§ **EXERCISE AIM**
Please write out exactly the line containing "- Fill the rice" below and every line after it, through the last one, but leave out any pictures.

§ **MATERIAL SUPPLIED**
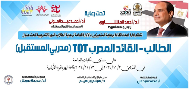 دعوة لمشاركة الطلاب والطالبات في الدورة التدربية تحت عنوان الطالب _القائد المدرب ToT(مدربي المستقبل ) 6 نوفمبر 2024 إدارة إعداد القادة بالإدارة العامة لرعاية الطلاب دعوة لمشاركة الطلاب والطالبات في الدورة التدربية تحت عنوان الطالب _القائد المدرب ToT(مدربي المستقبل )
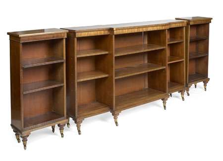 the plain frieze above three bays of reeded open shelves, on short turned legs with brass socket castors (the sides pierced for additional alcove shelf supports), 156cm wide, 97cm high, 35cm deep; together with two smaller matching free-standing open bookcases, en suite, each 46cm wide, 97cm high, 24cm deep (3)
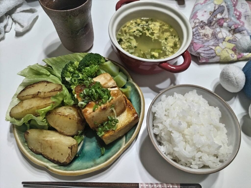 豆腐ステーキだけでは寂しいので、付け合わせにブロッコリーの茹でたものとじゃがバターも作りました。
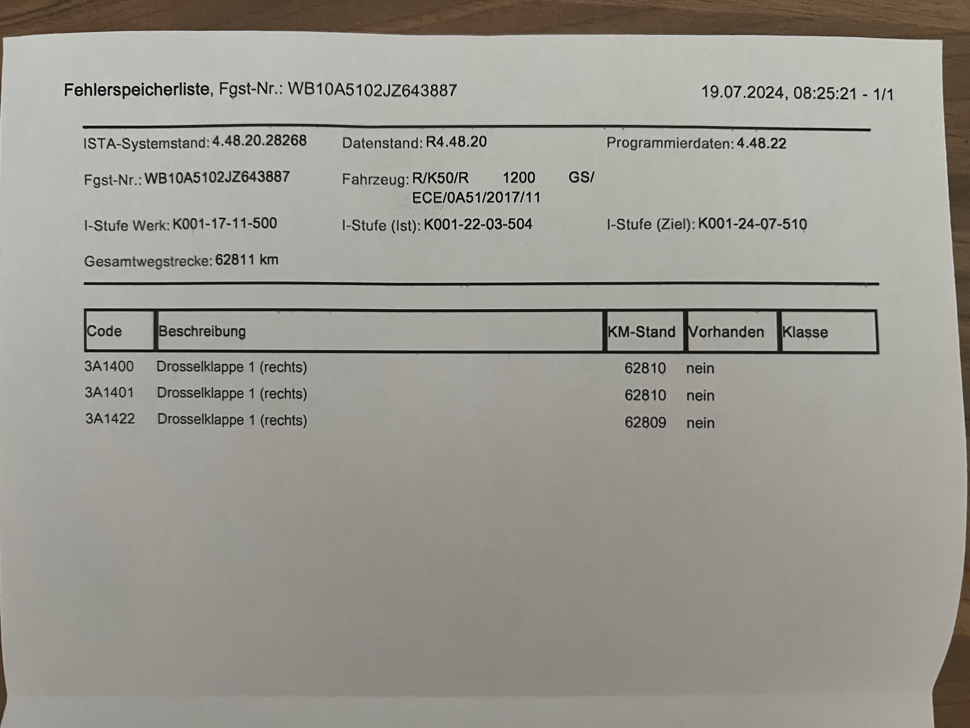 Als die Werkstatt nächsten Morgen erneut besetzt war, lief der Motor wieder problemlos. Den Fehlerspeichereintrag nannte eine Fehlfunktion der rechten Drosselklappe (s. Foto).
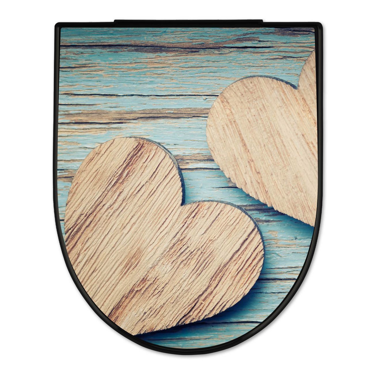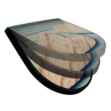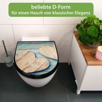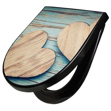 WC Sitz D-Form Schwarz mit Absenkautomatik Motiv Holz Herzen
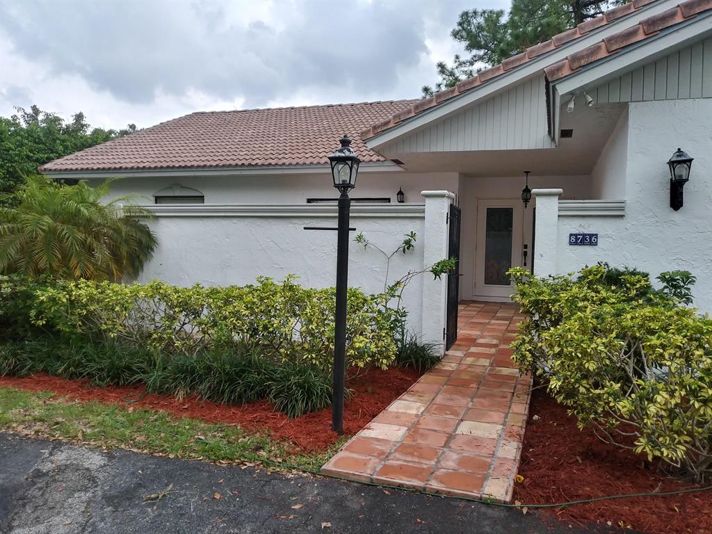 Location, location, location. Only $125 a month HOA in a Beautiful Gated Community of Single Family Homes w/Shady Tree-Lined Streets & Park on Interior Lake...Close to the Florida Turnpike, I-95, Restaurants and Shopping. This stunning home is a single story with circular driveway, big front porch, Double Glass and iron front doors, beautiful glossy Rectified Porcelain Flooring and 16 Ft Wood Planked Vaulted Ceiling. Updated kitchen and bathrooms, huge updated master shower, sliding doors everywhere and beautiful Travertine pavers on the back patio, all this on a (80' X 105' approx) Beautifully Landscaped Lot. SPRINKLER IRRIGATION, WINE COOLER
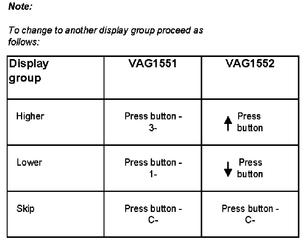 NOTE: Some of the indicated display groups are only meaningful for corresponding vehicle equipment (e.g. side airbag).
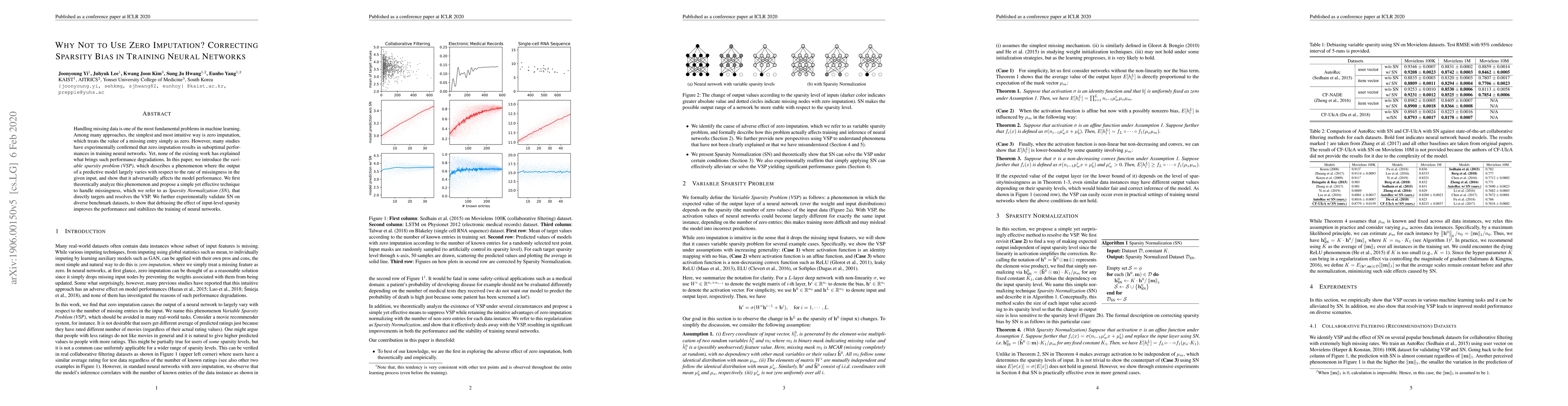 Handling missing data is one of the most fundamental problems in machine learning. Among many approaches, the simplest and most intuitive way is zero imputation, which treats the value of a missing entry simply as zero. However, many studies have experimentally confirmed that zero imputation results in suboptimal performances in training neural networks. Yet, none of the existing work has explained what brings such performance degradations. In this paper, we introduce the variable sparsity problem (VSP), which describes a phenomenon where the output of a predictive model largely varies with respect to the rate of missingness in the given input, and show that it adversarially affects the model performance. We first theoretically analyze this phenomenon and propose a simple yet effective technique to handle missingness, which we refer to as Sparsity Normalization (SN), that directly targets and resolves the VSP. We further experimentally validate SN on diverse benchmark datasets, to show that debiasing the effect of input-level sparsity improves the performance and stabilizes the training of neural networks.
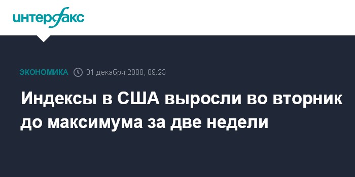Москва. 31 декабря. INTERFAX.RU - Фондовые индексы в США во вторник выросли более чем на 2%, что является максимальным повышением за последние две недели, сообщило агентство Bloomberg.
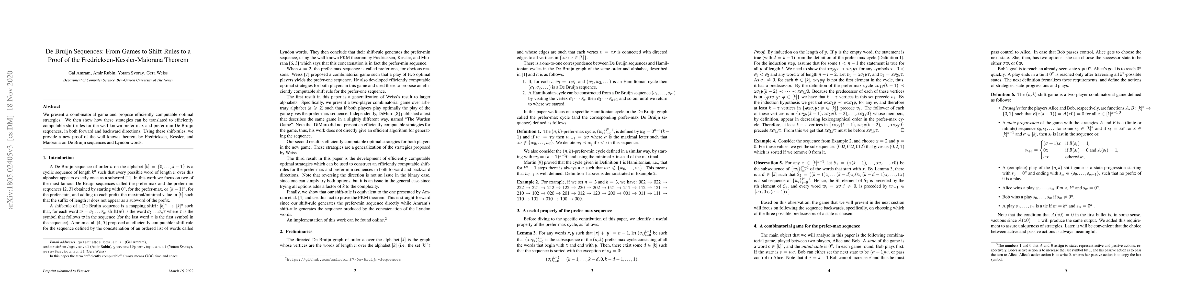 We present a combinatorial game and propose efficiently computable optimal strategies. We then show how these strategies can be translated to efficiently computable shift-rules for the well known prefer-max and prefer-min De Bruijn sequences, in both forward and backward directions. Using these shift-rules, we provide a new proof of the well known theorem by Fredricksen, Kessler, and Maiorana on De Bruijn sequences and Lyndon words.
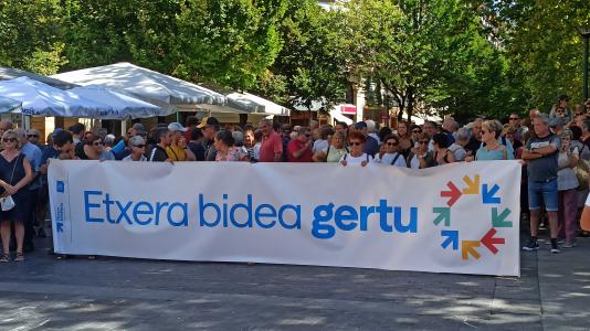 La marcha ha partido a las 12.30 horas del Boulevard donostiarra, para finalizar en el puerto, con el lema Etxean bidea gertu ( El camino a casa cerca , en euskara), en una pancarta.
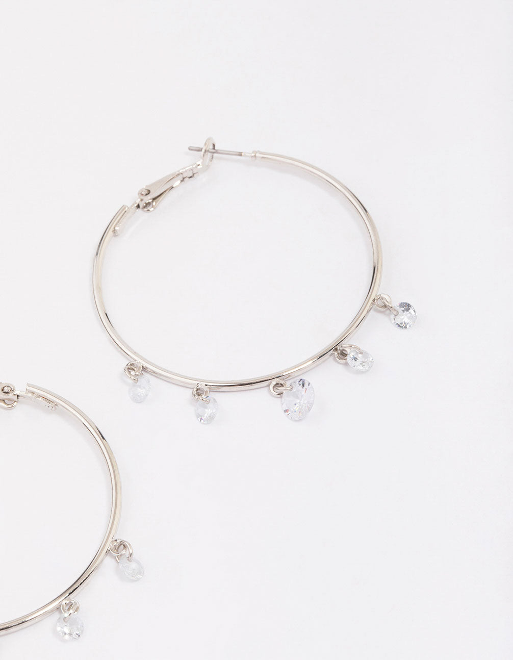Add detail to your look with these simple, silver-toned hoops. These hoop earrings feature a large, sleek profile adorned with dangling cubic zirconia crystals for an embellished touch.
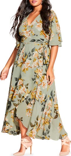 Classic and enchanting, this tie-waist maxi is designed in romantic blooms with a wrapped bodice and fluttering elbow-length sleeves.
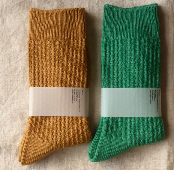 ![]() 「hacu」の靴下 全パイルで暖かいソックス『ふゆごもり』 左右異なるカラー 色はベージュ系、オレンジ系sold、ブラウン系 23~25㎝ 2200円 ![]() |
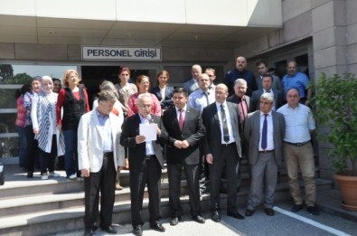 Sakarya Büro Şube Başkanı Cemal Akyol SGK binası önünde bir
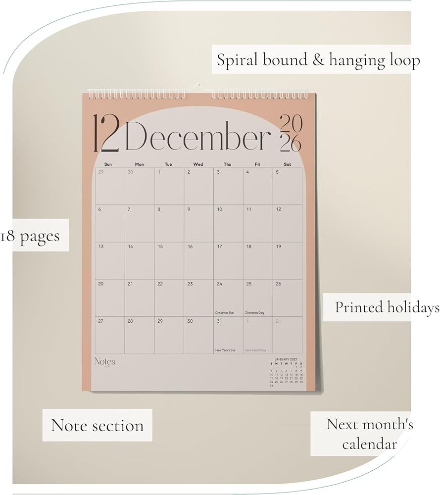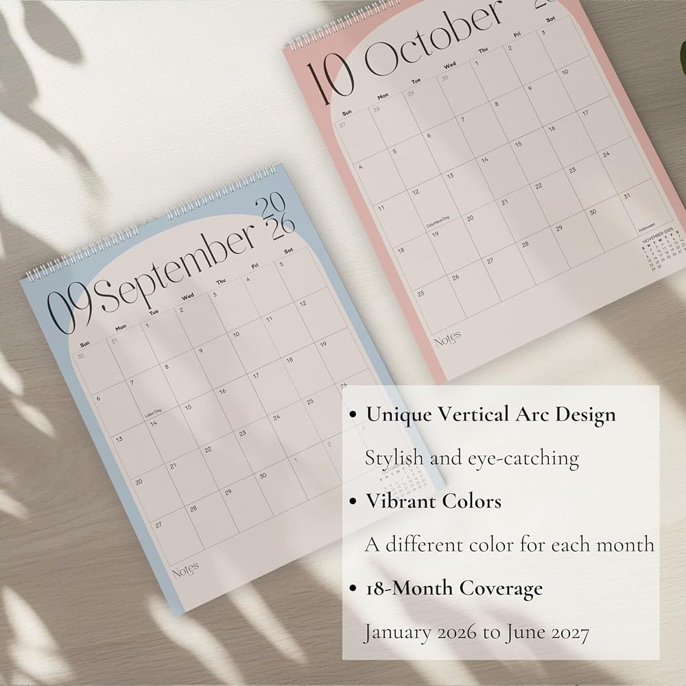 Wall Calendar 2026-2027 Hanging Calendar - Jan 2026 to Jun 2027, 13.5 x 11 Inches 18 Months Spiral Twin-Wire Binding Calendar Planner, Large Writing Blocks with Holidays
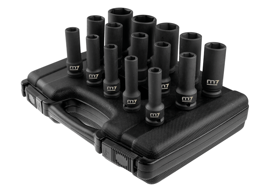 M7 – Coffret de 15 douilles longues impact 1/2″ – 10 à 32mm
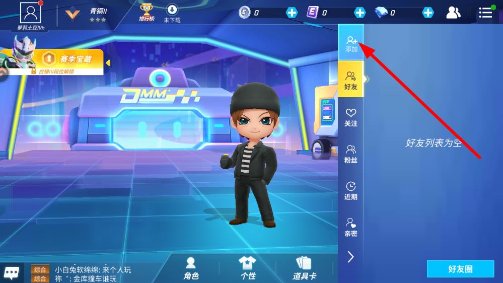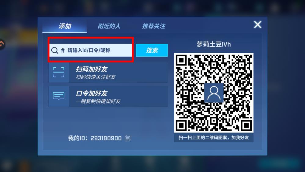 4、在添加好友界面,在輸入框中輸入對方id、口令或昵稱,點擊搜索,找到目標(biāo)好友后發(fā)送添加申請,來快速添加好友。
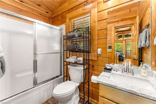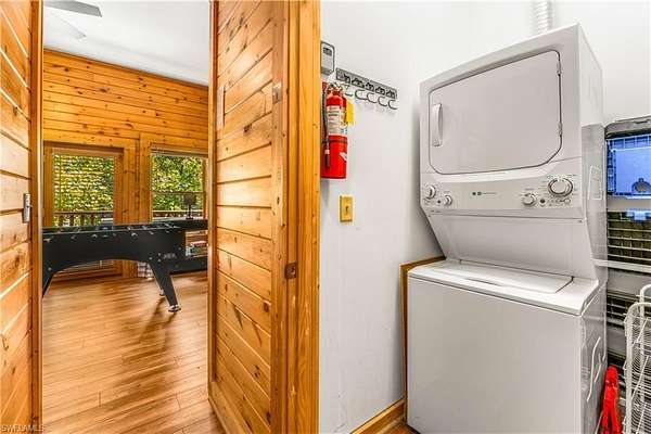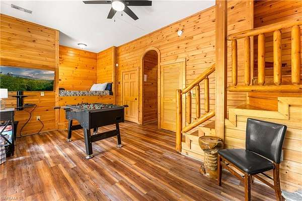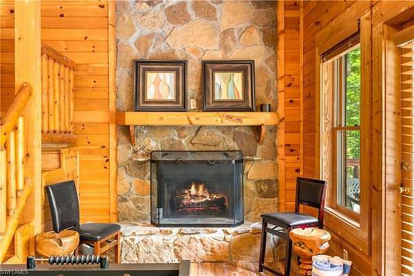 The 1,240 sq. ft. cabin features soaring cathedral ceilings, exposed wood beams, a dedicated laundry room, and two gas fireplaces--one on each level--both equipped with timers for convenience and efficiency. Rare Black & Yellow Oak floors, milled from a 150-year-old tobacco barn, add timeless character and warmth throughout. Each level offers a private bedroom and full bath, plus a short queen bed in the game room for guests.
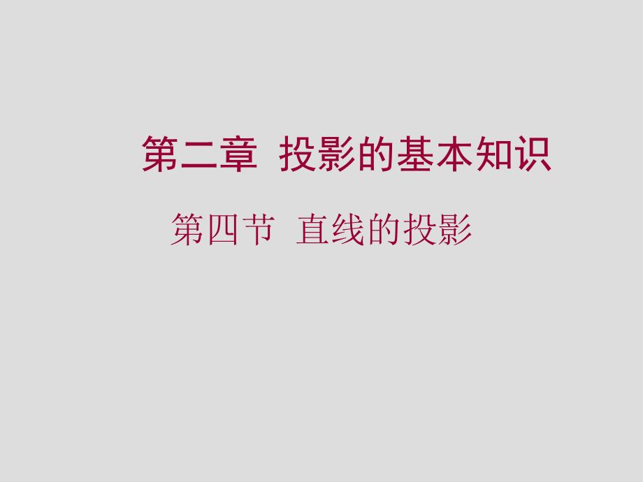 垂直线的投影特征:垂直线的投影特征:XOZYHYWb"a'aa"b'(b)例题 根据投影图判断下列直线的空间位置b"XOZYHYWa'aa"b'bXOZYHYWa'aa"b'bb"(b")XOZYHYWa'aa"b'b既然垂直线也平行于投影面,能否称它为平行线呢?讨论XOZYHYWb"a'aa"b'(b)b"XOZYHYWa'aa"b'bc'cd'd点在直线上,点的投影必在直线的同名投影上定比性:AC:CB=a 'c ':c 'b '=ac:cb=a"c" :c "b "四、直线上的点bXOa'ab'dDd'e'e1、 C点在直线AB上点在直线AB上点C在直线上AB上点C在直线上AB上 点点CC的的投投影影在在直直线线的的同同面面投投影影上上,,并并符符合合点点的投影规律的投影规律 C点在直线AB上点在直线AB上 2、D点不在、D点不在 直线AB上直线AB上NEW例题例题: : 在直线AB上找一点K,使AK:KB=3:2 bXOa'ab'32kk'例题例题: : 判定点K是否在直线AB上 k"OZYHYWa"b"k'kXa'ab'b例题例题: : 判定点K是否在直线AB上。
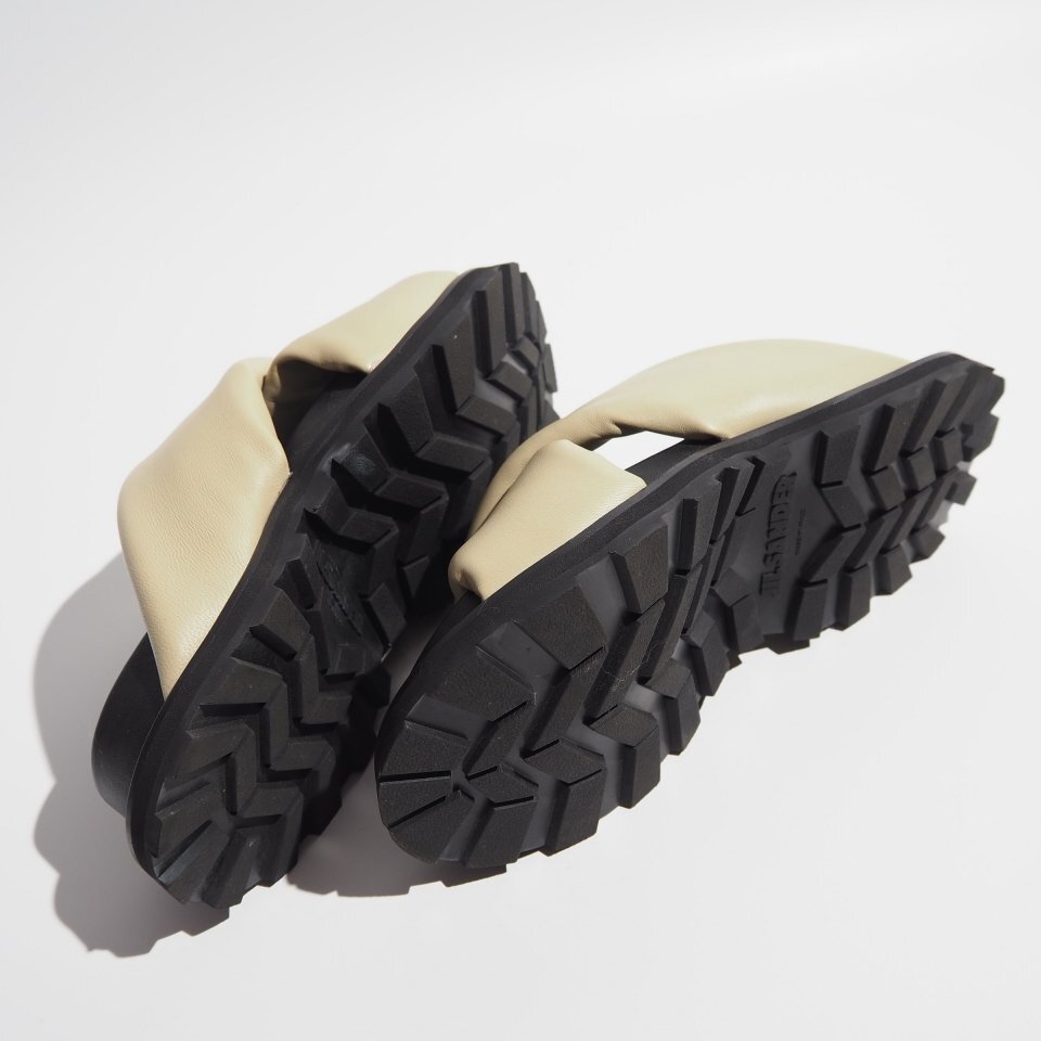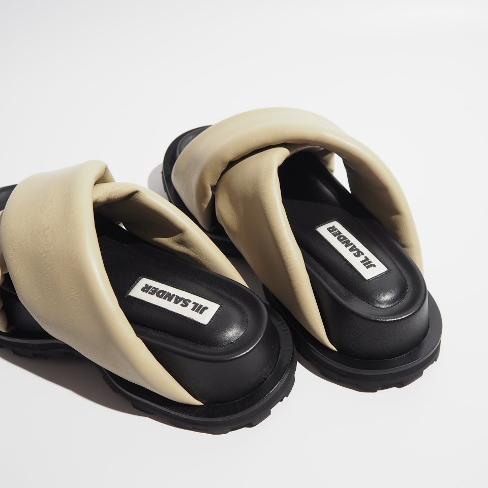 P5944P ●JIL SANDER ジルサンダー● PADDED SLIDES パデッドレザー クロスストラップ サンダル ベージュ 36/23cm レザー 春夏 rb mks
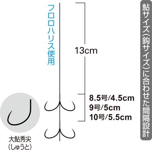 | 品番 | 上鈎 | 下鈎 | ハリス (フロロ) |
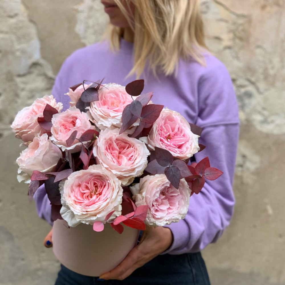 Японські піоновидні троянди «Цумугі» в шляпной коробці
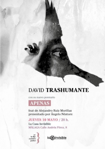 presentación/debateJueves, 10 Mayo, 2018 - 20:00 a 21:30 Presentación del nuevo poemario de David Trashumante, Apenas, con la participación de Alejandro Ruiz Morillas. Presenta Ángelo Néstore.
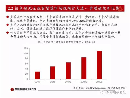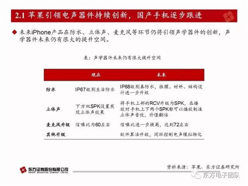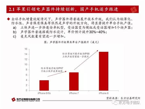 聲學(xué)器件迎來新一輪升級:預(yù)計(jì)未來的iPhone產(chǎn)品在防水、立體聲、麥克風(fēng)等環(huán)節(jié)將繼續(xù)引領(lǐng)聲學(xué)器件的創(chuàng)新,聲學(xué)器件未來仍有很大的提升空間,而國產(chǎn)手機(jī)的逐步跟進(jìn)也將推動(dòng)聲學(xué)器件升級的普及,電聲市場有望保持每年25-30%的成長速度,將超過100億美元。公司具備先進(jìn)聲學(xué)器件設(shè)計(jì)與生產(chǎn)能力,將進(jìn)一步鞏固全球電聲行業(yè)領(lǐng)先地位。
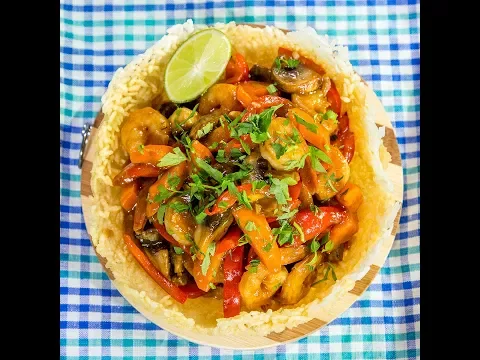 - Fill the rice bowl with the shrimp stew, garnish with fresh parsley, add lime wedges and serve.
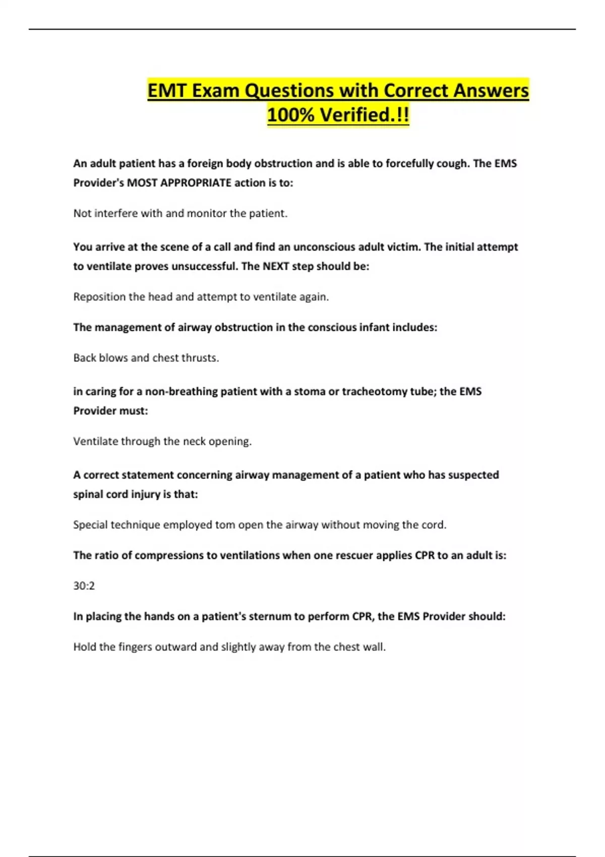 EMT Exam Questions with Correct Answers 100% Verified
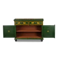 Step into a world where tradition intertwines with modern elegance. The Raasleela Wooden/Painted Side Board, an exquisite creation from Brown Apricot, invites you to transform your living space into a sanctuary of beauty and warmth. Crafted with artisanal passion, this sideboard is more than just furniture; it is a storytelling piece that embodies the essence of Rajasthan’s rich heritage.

§ **ANSWER AREA**
 - Fill the rice bowl with the shrimp stew, garnish with fresh parsley, add lime wedges and serve.
 EMT Exam Questions with Correct Answers 100% Verified
 Step into a world where tradition intertwines with modern elegance. The Raasleela Wooden/Painted Side Board, an exquisite creation from Brown Apricot, invites you to transform your living space into a sanctuary of beauty and warmth. Crafted with artisanal passion, this sideboard is more than just furniture; it is a storytelling piece that embodies the essence of Rajasthan’s rich heritage.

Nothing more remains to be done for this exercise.